DATA UNDER STUDY below:

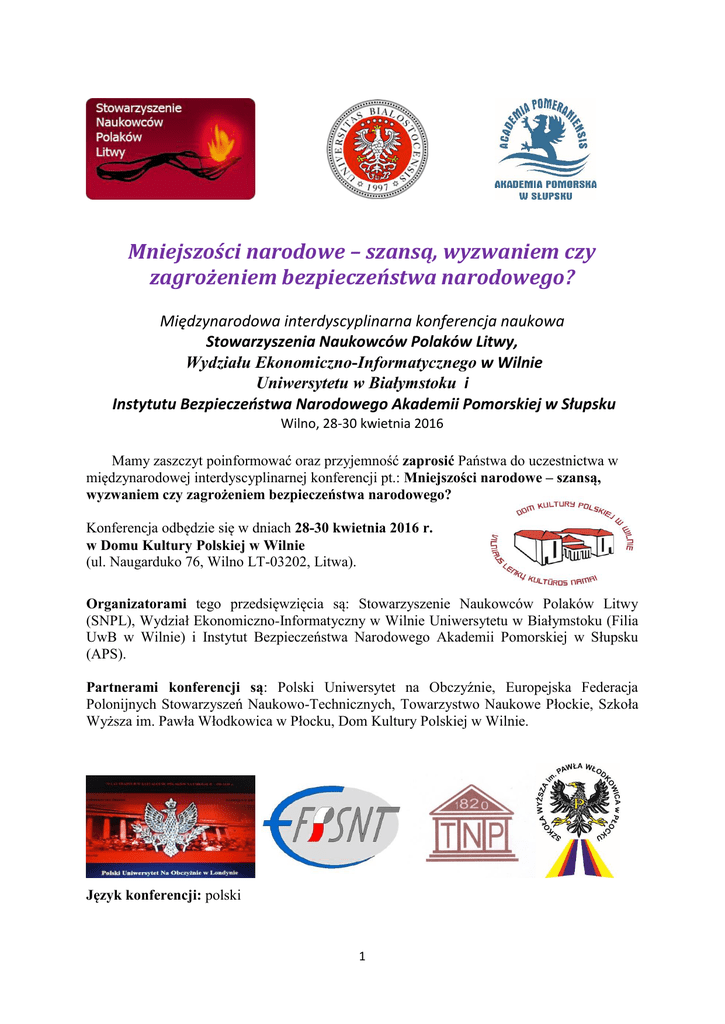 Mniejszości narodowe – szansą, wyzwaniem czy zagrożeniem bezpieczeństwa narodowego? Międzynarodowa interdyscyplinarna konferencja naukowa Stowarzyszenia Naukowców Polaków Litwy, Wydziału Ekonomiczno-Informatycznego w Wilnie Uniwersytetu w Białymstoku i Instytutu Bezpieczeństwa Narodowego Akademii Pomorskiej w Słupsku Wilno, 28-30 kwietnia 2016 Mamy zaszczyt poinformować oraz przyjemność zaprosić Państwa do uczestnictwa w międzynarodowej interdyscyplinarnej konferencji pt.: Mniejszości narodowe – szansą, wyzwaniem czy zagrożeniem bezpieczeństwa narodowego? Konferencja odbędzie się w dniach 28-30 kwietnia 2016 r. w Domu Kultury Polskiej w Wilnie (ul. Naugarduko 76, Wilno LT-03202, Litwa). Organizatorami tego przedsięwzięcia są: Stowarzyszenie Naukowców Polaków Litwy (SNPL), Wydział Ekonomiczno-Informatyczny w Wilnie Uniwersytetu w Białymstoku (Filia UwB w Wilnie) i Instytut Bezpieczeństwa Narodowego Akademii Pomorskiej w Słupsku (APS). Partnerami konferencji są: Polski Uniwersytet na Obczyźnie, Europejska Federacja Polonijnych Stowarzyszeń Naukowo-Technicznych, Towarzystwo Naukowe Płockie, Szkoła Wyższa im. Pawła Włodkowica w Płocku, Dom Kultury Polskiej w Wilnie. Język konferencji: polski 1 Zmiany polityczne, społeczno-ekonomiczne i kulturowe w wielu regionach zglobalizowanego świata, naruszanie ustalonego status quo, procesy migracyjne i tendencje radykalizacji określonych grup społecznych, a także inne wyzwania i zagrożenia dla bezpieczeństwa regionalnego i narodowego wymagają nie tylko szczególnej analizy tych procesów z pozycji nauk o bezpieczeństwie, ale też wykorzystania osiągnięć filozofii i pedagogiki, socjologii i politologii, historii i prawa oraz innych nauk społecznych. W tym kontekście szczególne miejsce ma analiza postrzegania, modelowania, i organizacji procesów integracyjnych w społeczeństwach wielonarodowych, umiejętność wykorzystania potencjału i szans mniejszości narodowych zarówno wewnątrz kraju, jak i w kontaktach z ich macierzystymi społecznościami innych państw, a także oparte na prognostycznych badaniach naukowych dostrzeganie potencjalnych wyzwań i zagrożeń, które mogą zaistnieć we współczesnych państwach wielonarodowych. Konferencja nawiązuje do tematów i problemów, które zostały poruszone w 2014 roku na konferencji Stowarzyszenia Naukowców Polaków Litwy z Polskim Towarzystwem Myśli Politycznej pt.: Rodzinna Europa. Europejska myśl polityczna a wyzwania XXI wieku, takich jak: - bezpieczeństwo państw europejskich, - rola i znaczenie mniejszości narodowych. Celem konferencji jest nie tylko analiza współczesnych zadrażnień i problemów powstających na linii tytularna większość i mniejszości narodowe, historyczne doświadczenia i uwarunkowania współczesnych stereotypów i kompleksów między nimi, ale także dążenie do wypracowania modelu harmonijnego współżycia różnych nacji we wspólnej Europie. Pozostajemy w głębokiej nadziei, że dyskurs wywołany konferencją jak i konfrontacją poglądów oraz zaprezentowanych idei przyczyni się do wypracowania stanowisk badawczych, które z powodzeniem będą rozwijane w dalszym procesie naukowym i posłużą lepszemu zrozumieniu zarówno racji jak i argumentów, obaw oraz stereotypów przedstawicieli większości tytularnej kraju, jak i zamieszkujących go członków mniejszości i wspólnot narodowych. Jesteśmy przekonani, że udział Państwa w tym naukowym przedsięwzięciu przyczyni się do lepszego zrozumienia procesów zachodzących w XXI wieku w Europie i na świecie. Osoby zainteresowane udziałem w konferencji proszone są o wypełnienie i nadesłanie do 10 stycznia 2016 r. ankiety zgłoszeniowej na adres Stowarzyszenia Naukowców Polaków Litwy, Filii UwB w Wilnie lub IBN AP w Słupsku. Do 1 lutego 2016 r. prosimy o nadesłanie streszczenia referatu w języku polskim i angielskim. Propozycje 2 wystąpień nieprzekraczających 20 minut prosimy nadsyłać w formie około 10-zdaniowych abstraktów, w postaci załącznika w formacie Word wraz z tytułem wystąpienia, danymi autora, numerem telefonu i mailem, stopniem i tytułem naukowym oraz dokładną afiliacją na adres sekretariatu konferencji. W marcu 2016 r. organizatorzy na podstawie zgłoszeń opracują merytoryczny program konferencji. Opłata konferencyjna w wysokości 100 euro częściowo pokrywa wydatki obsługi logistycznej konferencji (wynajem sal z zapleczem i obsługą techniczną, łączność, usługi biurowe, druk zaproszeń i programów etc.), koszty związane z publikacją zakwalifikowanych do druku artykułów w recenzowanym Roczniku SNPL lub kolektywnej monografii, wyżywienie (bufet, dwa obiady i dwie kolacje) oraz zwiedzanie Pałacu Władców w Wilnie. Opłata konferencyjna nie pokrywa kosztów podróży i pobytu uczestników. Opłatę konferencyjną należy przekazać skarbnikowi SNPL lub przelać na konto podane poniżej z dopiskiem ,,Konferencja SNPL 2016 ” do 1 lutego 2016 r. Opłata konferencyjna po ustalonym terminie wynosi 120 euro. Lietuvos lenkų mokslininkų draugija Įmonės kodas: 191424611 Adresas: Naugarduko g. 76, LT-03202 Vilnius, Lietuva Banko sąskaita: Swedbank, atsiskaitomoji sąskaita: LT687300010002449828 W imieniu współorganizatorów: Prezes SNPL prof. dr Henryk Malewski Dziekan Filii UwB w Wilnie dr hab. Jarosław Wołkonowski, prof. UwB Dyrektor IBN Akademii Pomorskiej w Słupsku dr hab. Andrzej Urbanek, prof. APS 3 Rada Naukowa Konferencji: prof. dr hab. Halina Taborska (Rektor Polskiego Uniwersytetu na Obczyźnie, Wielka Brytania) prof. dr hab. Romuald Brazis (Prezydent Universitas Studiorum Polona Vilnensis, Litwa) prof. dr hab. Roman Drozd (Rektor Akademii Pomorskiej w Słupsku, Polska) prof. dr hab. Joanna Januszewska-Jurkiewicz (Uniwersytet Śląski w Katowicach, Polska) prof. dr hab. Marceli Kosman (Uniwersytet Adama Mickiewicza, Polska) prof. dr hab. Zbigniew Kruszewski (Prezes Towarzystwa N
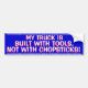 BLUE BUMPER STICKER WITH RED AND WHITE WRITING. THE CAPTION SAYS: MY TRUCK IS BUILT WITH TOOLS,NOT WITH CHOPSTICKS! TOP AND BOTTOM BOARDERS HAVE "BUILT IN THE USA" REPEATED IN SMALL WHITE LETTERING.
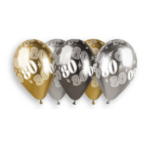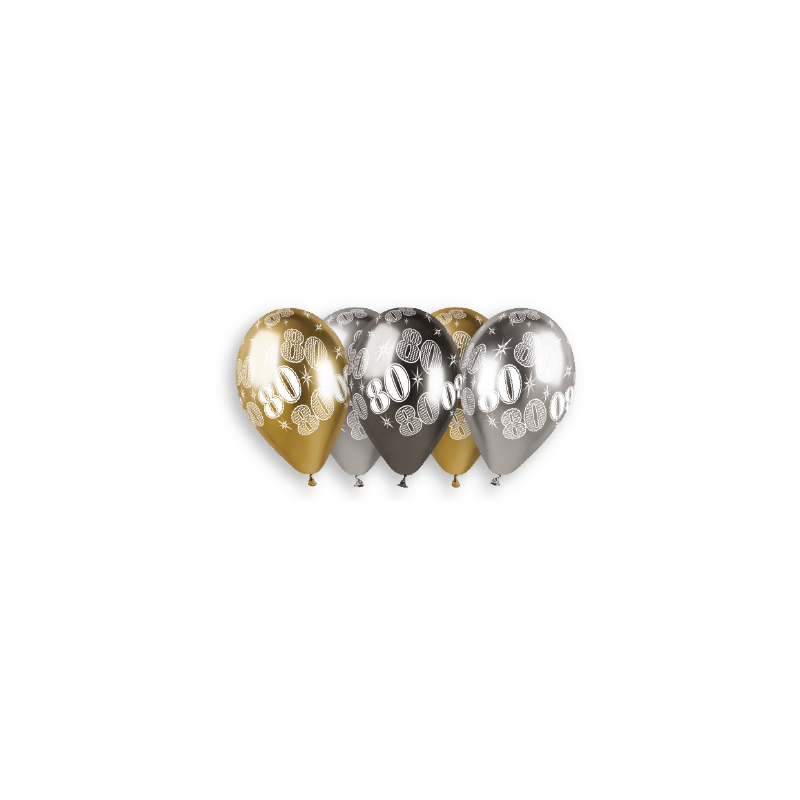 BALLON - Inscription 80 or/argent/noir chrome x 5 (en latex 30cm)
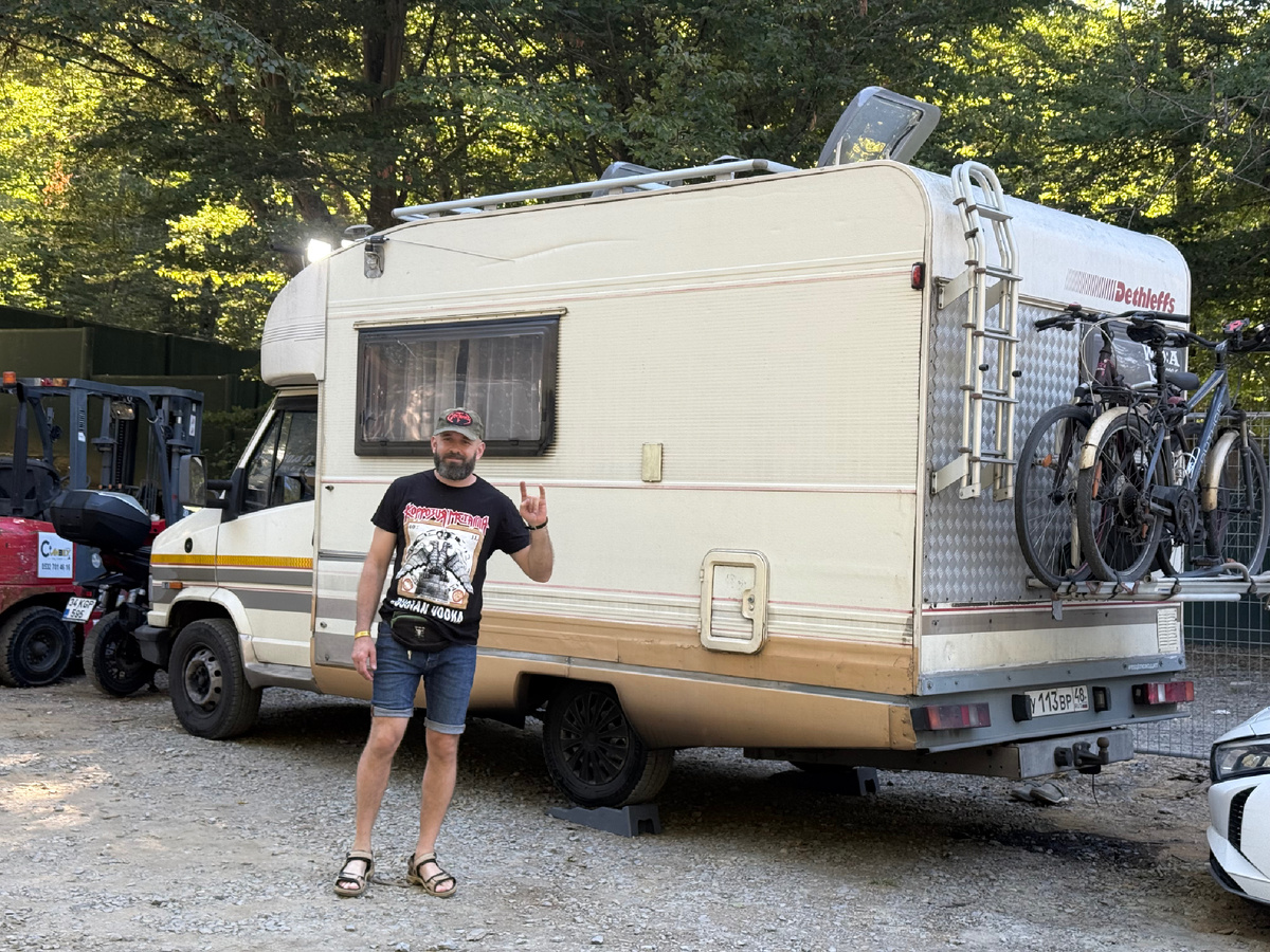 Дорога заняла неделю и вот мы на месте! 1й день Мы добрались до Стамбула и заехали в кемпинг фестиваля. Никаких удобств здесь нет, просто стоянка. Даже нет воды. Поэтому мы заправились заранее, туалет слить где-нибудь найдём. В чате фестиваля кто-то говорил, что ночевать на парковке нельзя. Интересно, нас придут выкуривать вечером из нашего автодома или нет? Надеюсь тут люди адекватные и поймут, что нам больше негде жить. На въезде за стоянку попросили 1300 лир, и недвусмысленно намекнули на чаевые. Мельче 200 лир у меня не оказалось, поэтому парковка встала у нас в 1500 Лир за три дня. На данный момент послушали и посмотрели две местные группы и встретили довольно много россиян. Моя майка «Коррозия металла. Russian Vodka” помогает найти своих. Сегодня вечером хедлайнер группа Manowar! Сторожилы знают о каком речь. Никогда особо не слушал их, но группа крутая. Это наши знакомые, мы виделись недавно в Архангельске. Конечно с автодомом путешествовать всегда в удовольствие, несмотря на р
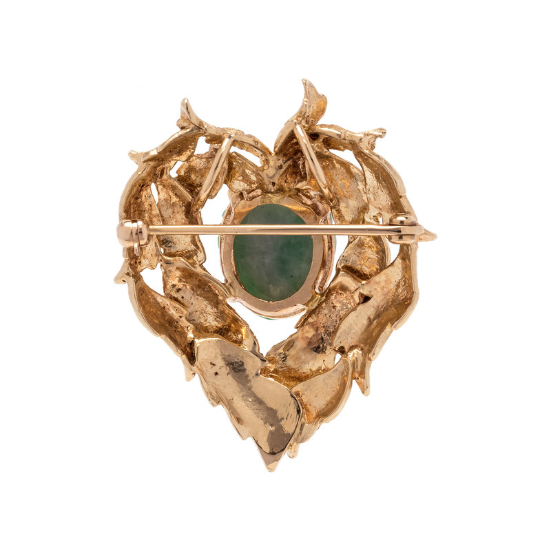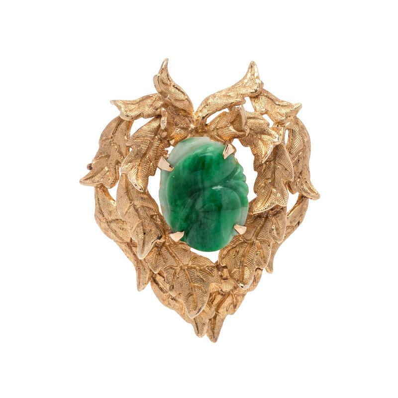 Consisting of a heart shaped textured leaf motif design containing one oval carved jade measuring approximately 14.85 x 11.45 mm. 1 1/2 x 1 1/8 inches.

End of DATA UNDER STUDY.

Copy only this, please: the line with "BLUE BUMPER STICKER" and every line after it through the end of the data, with no pictures.

_ANSWER TO THIS EXERCISE:_
 BLUE BUMPER STICKER WITH RED AND WHITE WRITING. THE CAPTION SAYS: MY TRUCK IS BUILT WITH TOOLS,NOT WITH CHOPSTICKS! TOP AND BOTTOM BOARDERS HAVE "BUILT IN THE USA" REPEATED IN SMALL WHITE LETTERING.
 BALLON - Inscription 80 or/argent/noir chrome x 5 (en latex 30cm)
 Дорога заняла неделю и вот мы на месте! 1й день Мы добрались до Стамбула и заехали в кемпинг фестиваля. Никаких удобств здесь нет, просто стоянка. Даже нет воды. Поэтому мы заправились заранее, туалет слить где-нибудь найдём. В чате фестиваля кто-то говорил, что ночевать на парковке нельзя. Интересно, нас придут выкуривать вечером из нашего автодома или нет? Надеюсь тут люди адекватные и поймут, что нам больше негде жить. На въезде за стоянку попросили 1300 лир, и недвусмысленно намекнули на чаевые. Мельче 200 лир у меня не оказалось, поэтому парковка встала у нас в 1500 Лир за три дня. На данный момент послушали и посмотрели две местные группы и встретили довольно много россиян. Моя майка «Коррозия металла. Russian Vodka” помогает найти своих. Сегодня вечером хедлайнер группа Manowar! Сторожилы знают о каком речь. Никогда особо не слушал их, но группа крутая. Это наши знакомые, мы виделись недавно в Архангельске. Конечно с автодомом путешествовать всегда в удовольствие, несмотря на р
 Consisting of a heart shaped textured leaf motif design containing one oval carved jade measuring approximately 14.85 x 11.45 mm. 1 1/2 x 1 1/8 inches.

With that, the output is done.